Contacted by Facebook Messenger about the abuse, Mr. Junbish not only confirmed that it came from him, but repeated his accusation. “Maryam is a whore,” he replied to a female Afghan reporter for The New York Times. “Why are you her friend?” He added, “You’re a whore, too.”
When the reporter contacted Mr. Junbish by telephone, he confirmed that the Facebook account was his own, but he then claimed that it had been hacked by someone else who sent the abusive messages.
The Afghan entrepreneur Hamid Samar this year came up with the idea of starting a television station, Zan TV, pitched at millennials. All of the on-air personalities, newscasters and producers are young women, 35 to 40 of them, with far fewer men behind the scenes (although they are the ones in charge). Some American officials enthusiastically praised the idea, and the station is seeking American funding.
Within only a few months, however, rumors began to circulate that many women were complaining of sexual harassment at the station, and there was a wave of resignations, according to two women who said they were among those who quit because of that. They were interviewed in the past week on the condition of anonymity because they feared being unable to find another job if they spoke out.
Mr. Hamid, the owner, said sexual harassment was not tolerated at Zan TV. “Zan TV is a safe place for women,” he said. “Families trust us and send their daughters outside to work for us, and we never break their hearts.”
Sulieman Samar, the public relations coordinator for Zan TV, and a brother of the owner, denied that there had been any resignations over harassment. “Everyone who works here signs contracts promising not to sexually harass anyone,” he said. “Sexual harassment is wrong.”
In one of the country’s most outrageous cases, last month, an Afghan air force colonel was accused of demanding sex from a subordinate. The woman secretly videotaped his assault on her, with his face and identity clear. Posted on Facebook anonymously, that video and a more explicit second one went viral in Afghanistan.
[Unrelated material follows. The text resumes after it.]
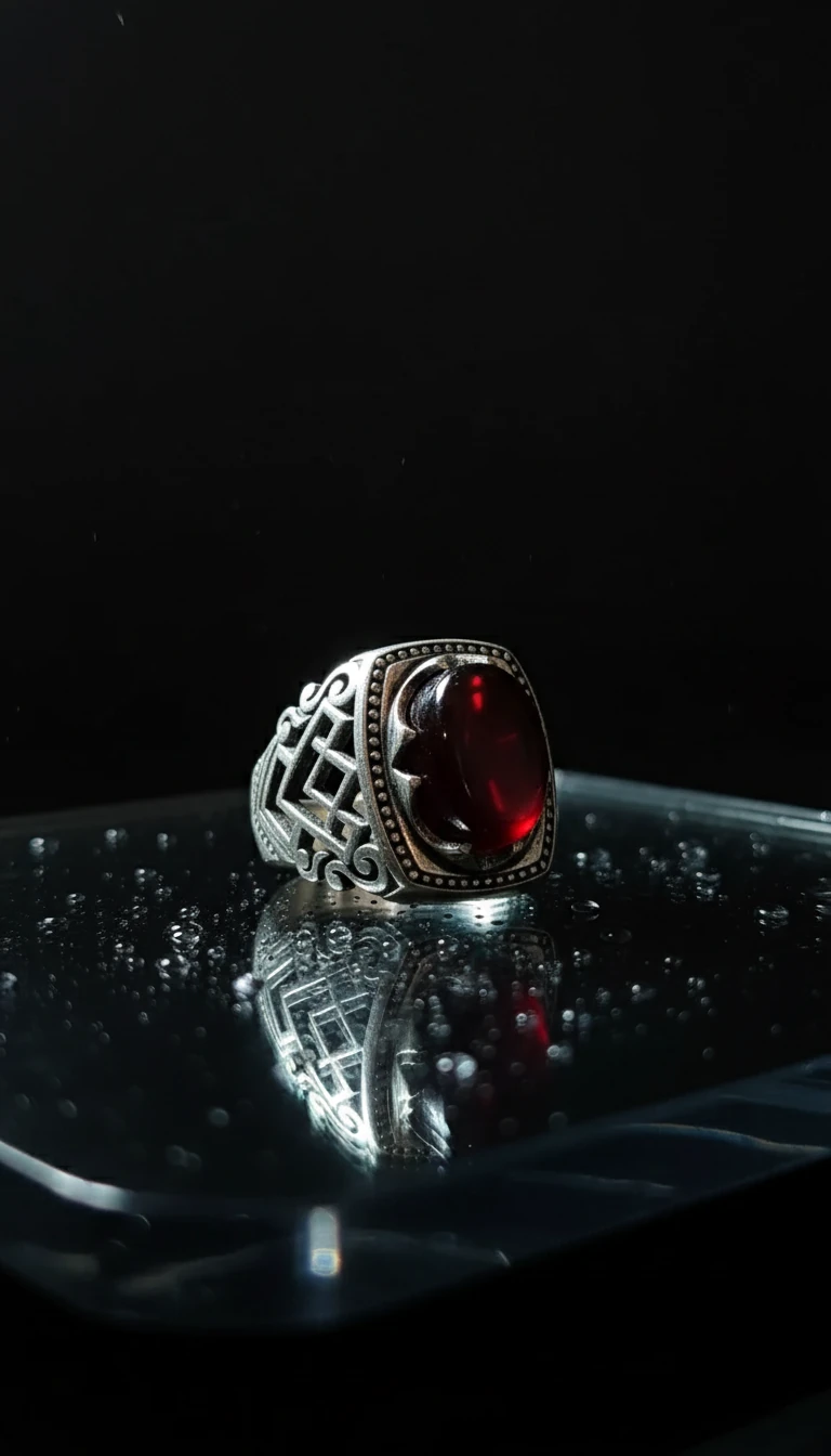 بدنهی این انگشتر از نقره عیار بالا ساخته شده و با جزئیات برجسته و حکاکیهای ریز، زیبایی دلربایی به خودش گرفته. اون بافتهای ظریف و پیچدرپیچ روی رکاب، باعث میشه حتی از فاصله دور هم چشم هر بینندهای برق بزنه ✨

Maj. Gen. Dawlat Waziri, the spokesman for the defense ministry, said that Col. Ghulam Rasoul Laghmani had been detained and was under investigation, but so far no one has formally accused him of harassment. General Waziri said the authorities had been unable to find the woman, whose identity in the video is unclear.
The Afghan government has made some efforts to combat sexual harassment, which is widely seen as one of the main reasons the country has never been able to meet its goals to recruit female police officers and soldiers, who are still less than 1 percent of the security forces.
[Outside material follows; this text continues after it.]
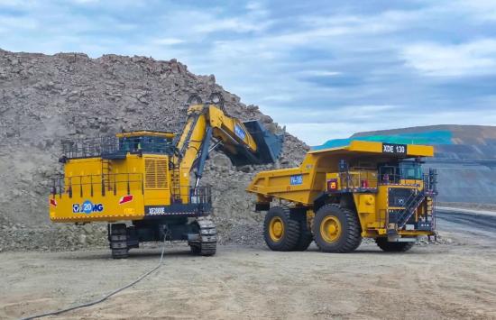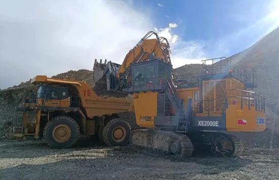 在开采环节,徐工XE2000E电动液压挖掘机凭借强悍性能担当先锋。该设备配备12m³标准斗容,通过优化液压系统与专属“矿山模式”,既提升作业效率又降低操作门槛。其矿山作业数据表现卓越:单台月均运行超540小时,可动率稳定在92%-93%,更曾实现整月“零停机”纪录。

Recently, the Ministries of Interior and Communications jointly set up hotlines to report sexual harassment, with separate numbers for women (989) and men (999). Since the interior ministry is in charge of the police, many assumed the hotlines were for reporting problems with police officers.
A woman who answered the 989 number said that was not their role; they handle only phone harassment cases of the heavy-breathing type. “If a policeman harasses you,” the hotline operator said, “you should slap him, or ask other women to slap him. We can’t help you.”
Fahim Abed and Najim Rahim contributed reporting.